Weekly dilemma: icy conditions and temporary staff

Q Icy conditions have made the high street our store is on practically impossible to commute down. The cold weather has meant a significant decline in customers and the temporary staff we have recruited are no longer needed. Can we terminate their contracts early?

A If you have recently recruited these temporary staff to provide cover only for the Christmas and New Year period, it is unlikely that they will be able to bring claims for unfair dismissal. Generally, unless an employee has at least 12 months’ service, they will not be able to bring a claim in relation to their dismissal. However, you should be careful if you have hired the temporary worker on previous occasions when short of staff as the gaps between periods of employment may not always mean that their continuous service is broken.

There are also exceptions where the 12-month service requirement will not apply. An employee is protected against being dismissed where the reason for dismissal relates to their reliance upon a number of statutory employment rights. So, for example, if the employee can persuade an employment tribunal that the real reason for their dismissal was that they had taken a day off to care for a dependant in an emergency, then regardless of their length of service you might be facing a claim for unfair dismissal. In these types of circumstance, the dismissal is regarded as automatically unfair by a tribunal.

Similarly, protection against discrimination will apply for all your temporary workers, irrespective of their length of service.
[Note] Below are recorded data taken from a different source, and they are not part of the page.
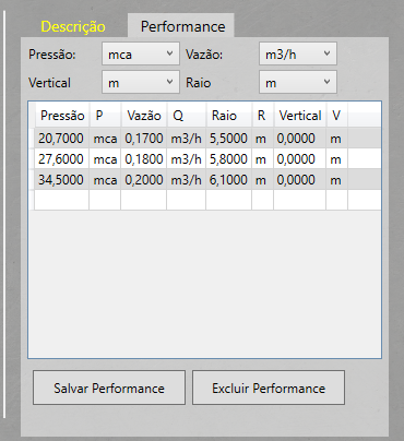 5º Passo – Logo em seguida, devemos clicar na aba performance e preencher os dados como no catálogo do produto. Fique atento a um detalhe: Existem dois botões para salvar aqui nesta tela, o salvamento da performance e o salvamento do bocal. Tome cuidado, pois cada um destes botões irá salvar de forma diferente. Depois de cadastrar os bocais, devemos associá-los ao corpo do aspersor. Perceba que ao lado direito da caixa de bocais existem dois botões, um com o símbolo (+) e o outro com o símbolo (-).
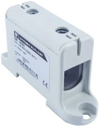Uniwersalna złączka śrubowa ZGX, jednobiegunowa z dwoma otworami, w kolorze szarym, dla przewodów o przekroju od 16 do 95 mm2, w kompaktowej obudowie o małych wymiarach, wykonanej z tworzywa PA6 bez halogenowego, sklasyfikowanego w najwyższym standardzie palności UL V-0 (test pionowego palenia), możliwy montaż złączki zarówno na szynie TH jaki i bezpośrednio na płycie montażowej, z zaciskami na śrubę sześciokątną, które pozwalają na łatwe i mocne dokręcanie przewodu. Złączki ZGX są testowane i certyfikowane zgodnie z normą EN 60947-7-1:2012 oraz EN 61238-1.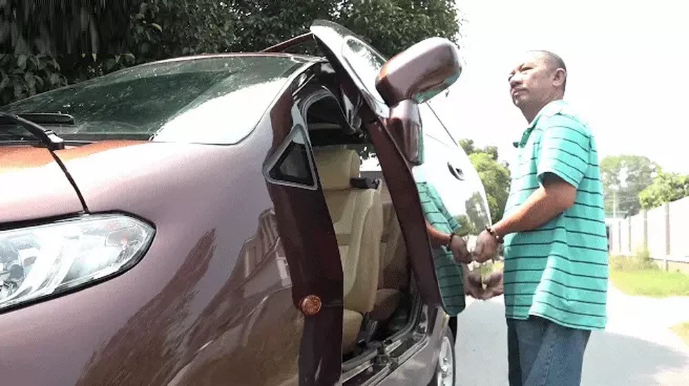 Cửa xe thiết kế dạng cánh gấp khi mở được nâng thẳng lên trên nhờ hệ thống thủy lực.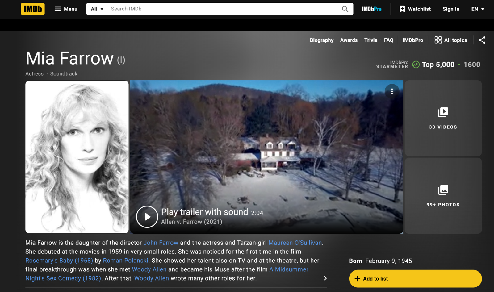 - Mia Farrow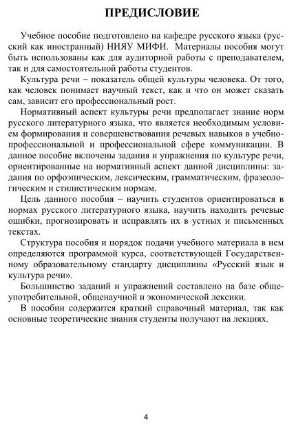 Цель данного пособия научить студентов ориентироваться в нормах русского литературного языка, научить находить речевые ошибки, прогнозировать и исправлять их в устных и письменных текстах. Большинство заданий и упражнений составлено на базе общенаучной и экономической лексики. В пособии содержится краткий справочный материал.

This might be an issue where you are dismissing some temporary staff but not others. Those selected for dismissal may challenge the decision on the basis that it is discriminatory, for example, on the grounds that most dismissed were women or were of a particular ethnic origin.
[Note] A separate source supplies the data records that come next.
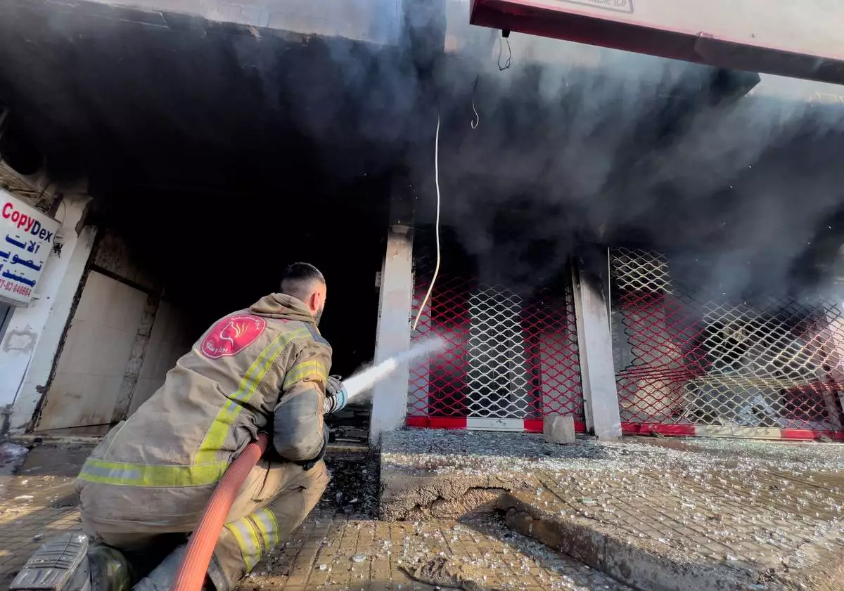 A firefighter extinguishes a burned shop at a building that was hit by an Israeli airstrike in Dahiyeh, a southern suburb of Beirut, Lebanon, Tuesday, March 3, 2026. (AP Photo/Hussein Malla)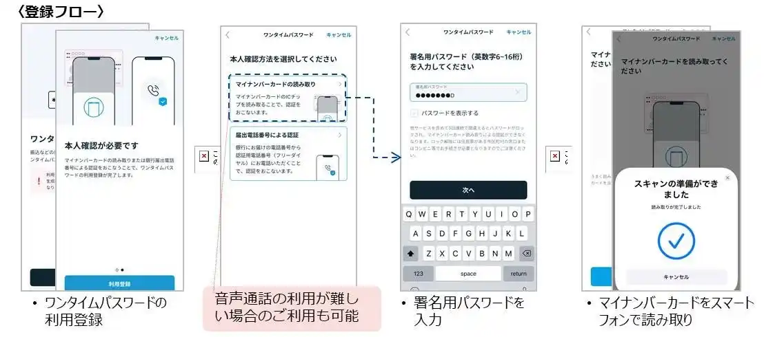 これまでOTP利用登録は届出電話番号からの発信による認証のみでしたが、JPKIの活用により、年間約40万人を超えるお客さま※に複数の認証手段を提供するとともに、音声通話のご利用が難しいお客さまへの新たな選択肢として、アクセシビリティと利便性向上を実現しました。※2025年度のOTP利用登録数(3行合計) |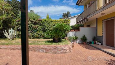La villa con ingresso indipendente offre il benessere di un giardino curato e la meraviglia di un terrazzo con vista mozzafiato sul mare.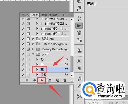 打开图片之后再在右侧的面板里找到动作选项,如图所示: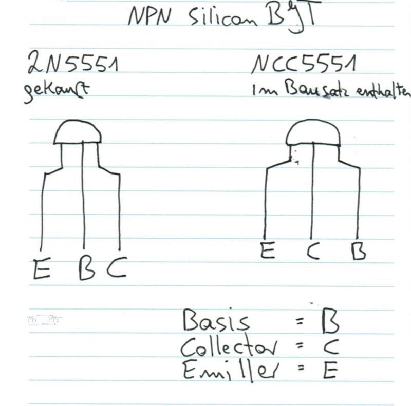 Die Pins "Basis und Collector" sind bei den im Bausatz / Schaltung enthaltenen NCC5551 sind im Vergleich zu den Standard 2N5551 vertauscht. Nur der Emitter ist an der richtigen Stelle.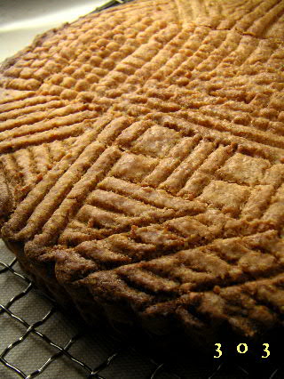 ショコタ;こんにちは。ショコタです。今回のガトー・バスクの断面です。夏のバター使いもやっかいなものですが、この寒い季節、室温10度の台所にてバターを滑らかなクリーム状にするのは意外と大変なものです。(タルト生地やパイ生地をのすには好都合なのですが・・・)当然、室温に放置しておくだけでは柔らかくならないので熱を与えるわけですが、ガトー・バスクのような素朴なお菓子を作るにあたって湯煎やら電子レンジやらの出番は大げさなような気がしてなりません。フードプロセッサーなど洗い物が増えるだけです(?笑)。そこで今回のガトーを作るうえで(僕にとっての)最大のポイントは“手”です。ホイッパーも木べらもゴムべラも使いません。冷たいバターを大きめのボールの中で押しつけるようにして練っていきます。砂糖を加えてさらによく練ると、クリームのように柔らかくなってきますのでリンゴでもつかむ感じで指をゆったりと開き、お米を研ぐ時のようなリズムでバターと砂糖を攪拌していきます。卵を乳化させるのも簡単です。卵はときほぐすことも室温に戻す必要もなし、クレメしたバターの中に1個ずつ落としキーボードを連打するごとく、指先を刻みに動かすと同時に混ぜていくとあっという間に乳化します。あらかじめ篩っておいた粉を入れて、握手をするときに差し出す手のひらの柔らかさで粉をさっくりとあわせていきます。室温の低さと僕の体温が生地をいい状態に保ってくれます。後片付けも楽ですし何より楽しいのは手のひらから伝わってくる感触です。バター、砂糖、塩、卵、アーモンドパウダー、粉、それらの素材が加わるごとに様変わりしてゆく生地の肌合いを直に感じるのが楽しいのです。ホイッパーやゴムベラからは得られない繊細な刺激に心弾ませることができました。楽しく作ったものだもの、美味しくないわけがないのです♪そうでしょ?

Apart from statutory rights that the employee may or may not be able to rely upon, you will also need to take into account your contractual obligations to them. In particular, you should check if the contract provides for a fixed period of employment. Unless there is a clause allowing you to give notice early, you will be liable to pay compensation. In any event, you will be bound by the notice requirements and you will have to pay any benefits accrued up to the date the contract comes to an end. This would include accrued holiday pay.